Algorithms and optimizations for global non-linear hybrid fluid-kinetic finite element stellarator simulations
By: Luca Venerando Greco
Potential Business Impact:
Helps fusion power plants work better.
Predictive modeling of stellarator plasmas is crucial for advancing nuclear fusion energy, yet it faces unique computational difficulties. One of the main challenges is accurately simulating the dynamics of specific particle species that are not well captured by fluid models, which necessitates the use of hybrid fluid-kinetic models. The non-axisymmetric geometry of stellarators fundamentally couples the toroidal Fourier modes, in contrast to what happens in tokamaks, requiring different numerical and computational treatment. This work presents a novel, globally coupled projection scheme inside the JOREK finite element framework. The approach ensures a self-consistent and physically accurate transfer of kinetic markers to the fluid grid, effectively handling the complex 3D mesh by constructing and solving a unified linear system that encompasses all toroidal harmonics simultaneously. To manage the computational complexity of this coupling, the construction of the system's matrix is significantly accelerated using the Fast Fourier Transform (FFT). The efficient localization of millions of particles is made possible by implementing a 3D R-Tree spatial index, which supports this projection and ensures computational tractability at scale.

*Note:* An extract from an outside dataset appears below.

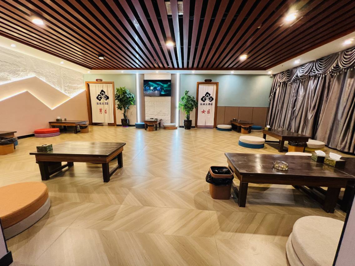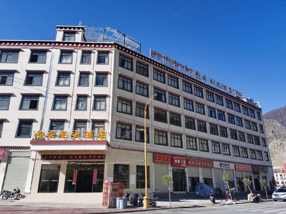 云尚大酒店是集餐饮、会议、休闲娱乐为一体的综合型商务酒店,酒店位于林芝市朗县光明新区,是您商务洽谈、品尝美食及居家休闲的梦幻天堂。酒店功能完善,设有包括豪华大床房、豪华商务套房等各色客房23间,酒店拥有中餐厅、西餐厅两个不同风味的餐饮场所,就餐总座位数70余位,spa桑拿及蒸房,酒店全年水暖:无电流,无电磁辐射,不头晕不干燥、持久恒温,可为宾客提供各式全新的酒店住宿、饮食、宴会、会议、和娱乐一体化的服务。餐饮作为本酒店特色产品之一,菜式出品呈现多样化,能够满足宾客多样化饮食需求和高水准的服务要求,服务流程中体现“高科技”色彩,采以桌面化点菜系统,集合各地名师心得,着重丰富多彩的色、香、味、型,使用优质及造型优雅的器皿,借助器皿及盘饰的衬托,力显独具一格的饮食特色。

On realistic Wendelstein 7-X stellarator geometries, the fidelity of the framework is rigorously shown. In sharp contrast to the uncoupled approaches' poor performance, quantitative convergence tests verify that the coupled scheme attains the theoretically anticipated spectral convergence. This study offers a crucial capability for the predictive analysis and optimization of next-generation stellarator designs by developing a validated, high-fidelity computational tool.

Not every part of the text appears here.